Follow-up multiple linear regression

Follow-up multiple linear regression analyses using stepwise

entry were conducted within the group with PTSD only, setting the INCB028050 empathy scores that differed significantly from controls as the dependent variable and including the following predictor variables: CTQ total scores, CAPS total scores (from previous month), PBI paternal care scores, PBI paternal overprotection scores, PBI maternal Inhibitors,research,lifescience,medical care scores, PBI maternal overprotection scores, and years of education. Given the high prevalence of comorbid major depressive disorder (MDD) among our sample with PTSD (i.e., 11/29 current MDD; 16/29 past MDD), supplementary correlation analyses were conducted to determine if there is an association between scores on the BDI and empathy measures.

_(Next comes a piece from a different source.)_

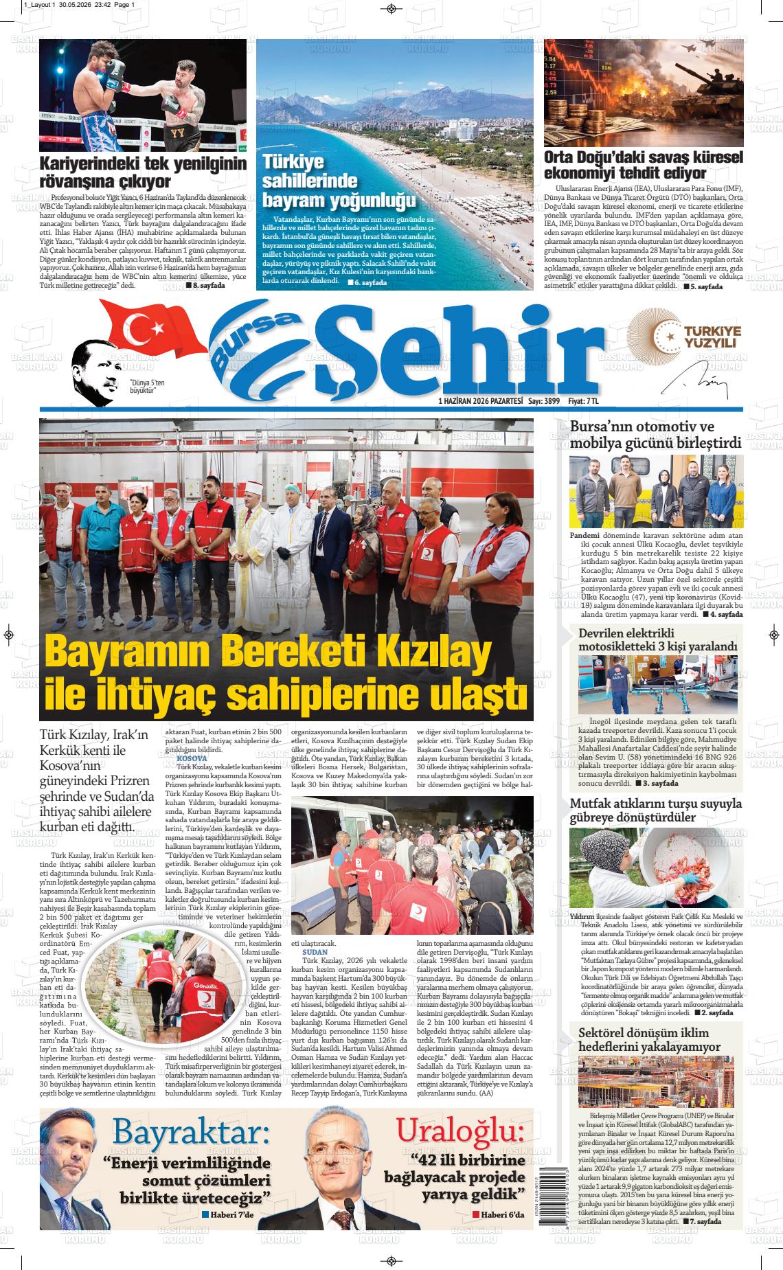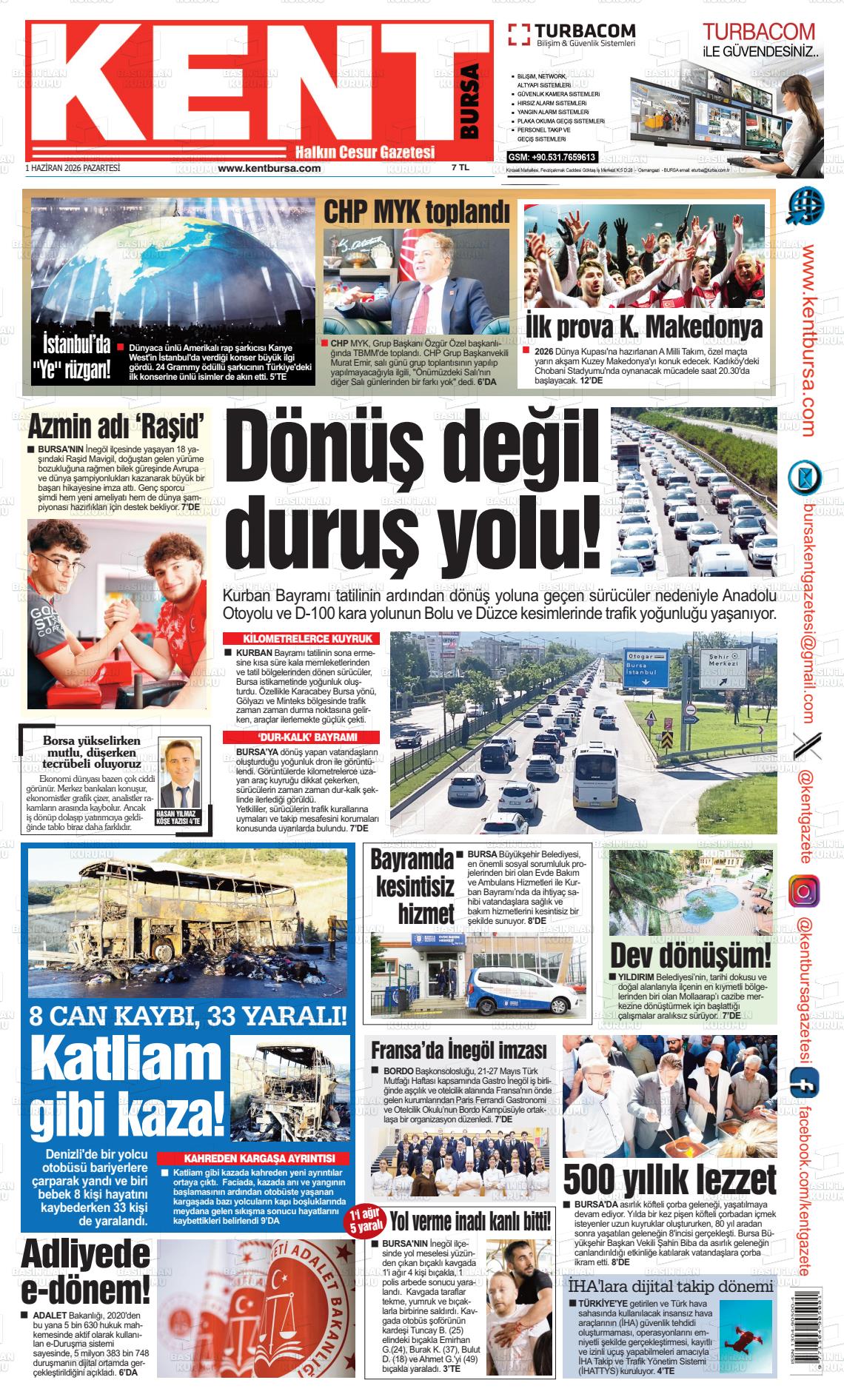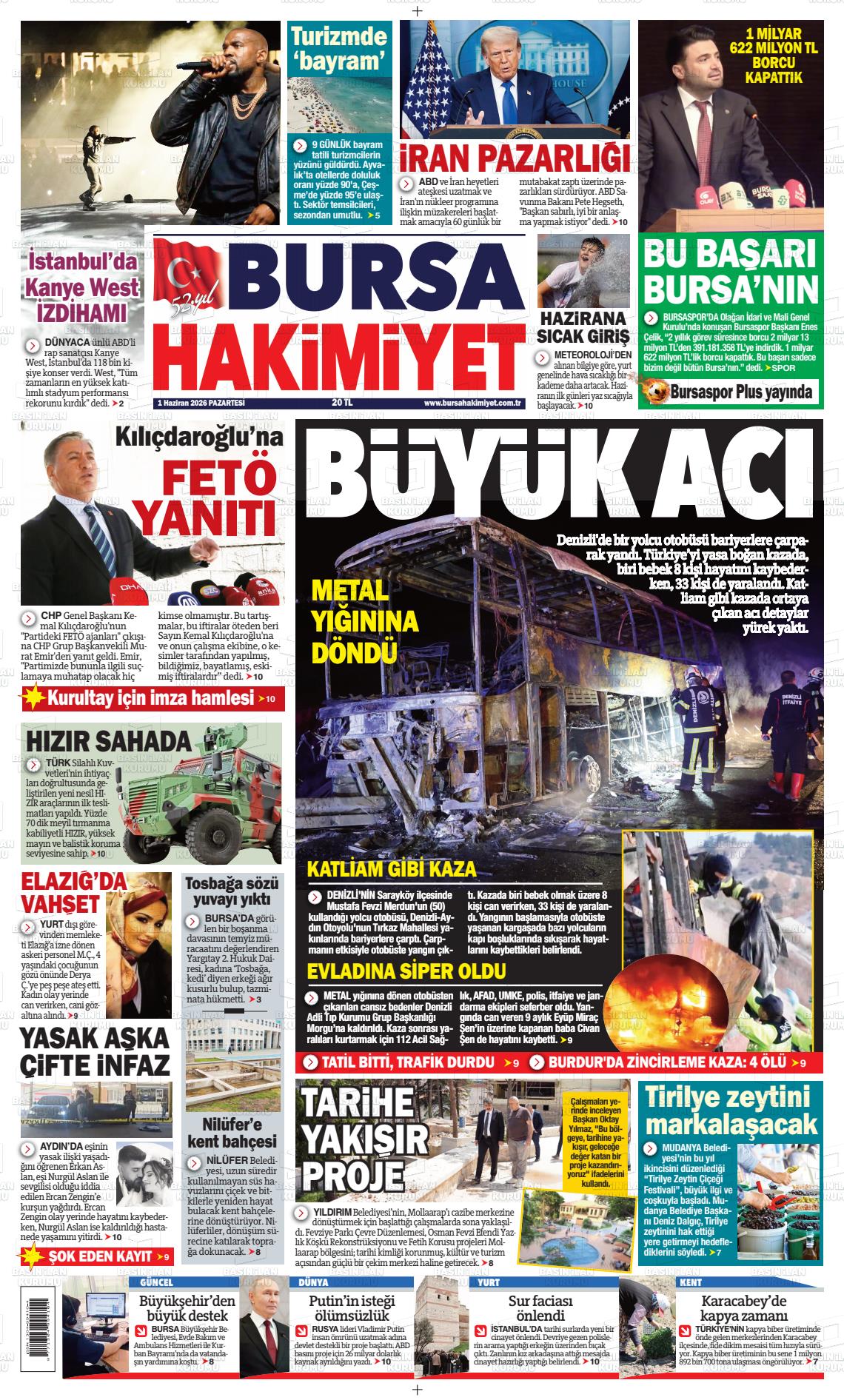 Bursa Yerel Gazeteleri 23 Kasım 2025, Pazar Günü Manşeti

Pearson’s r or Spearman rho (ρ) values were reported, depending on results from the Shapiro–Wilk test of normality. Alpha was set at 0.05 for all analyses. Results Group comparisons for responses on the empathy measures Table ​Table22

reports the means, standard deviations, and Inhibitors,research,lifescience,medical group comparisons for IRI and TEQ scores. Women with PTSD reported lower levels of perspective taking (U = 187, z = −2.10, P = 0.035, r = 0.30) and empathic concern (U = 192, z = −2.00, P = 0.045, r = 0.29), and Inhibitors,research,lifescience,medical higher levels of personal distress (U = 137, z = −3.12, P = 0.002, r = 0.45) on the IRI relative to controls. There were no significant group differences between mean scores Inhibitors,research,lifescience,medical on the fantasy subscale. Table 2 Between group differences on empathy measures Relative to controls, the PTSD group reported higher levels of empathic responding as assessed by the TEQ, F(1, 47) = 7.13, η2 = 0.13. Parental bonding, current PTSD symptom severity, childhood trauma severity, and years of education as predictors of empathic responding PBI paternal care was the best predictor of IRI perspective taking, accounting for 20% of the variance (R2 = 0.197; adjusted R2 = 0.164, F(7, 25) = 5.893, P = 0.023). Only PBI Inhibitors,research,lifescience,medical paternal care significantly predicted perspective taking (t(25) = 2.43, b = 0.293; P = 0.023). None of the independent variables entered into the regression models significantly

predicted IRI personal distress, IRI empathic concern, or TEQ scores. Therefore, PTSD symptom severity, as assessed by the CAPS, did not predict scores on any of the empathy subscales. To explore if any specific criteria of PTSD symptomatology, rather than total symptom severity, Entinostat was related to empathy, a correlation analysis was performed to determine if the scores from CAPS criterion A, B, C, or Associated Features (from previous month) were associated with empathy scores in the group with PTSD. The only significant correlation that emerged was between criterion D (hyperarousal) and TEQ scores (ρ = 0.41, P = 0.029). Supplementary analyses BDI scores indexing severity of potential comorbid depressive symptoms were not significantly correlated with IRI perspective taking (ρ = 0.20, P = 0.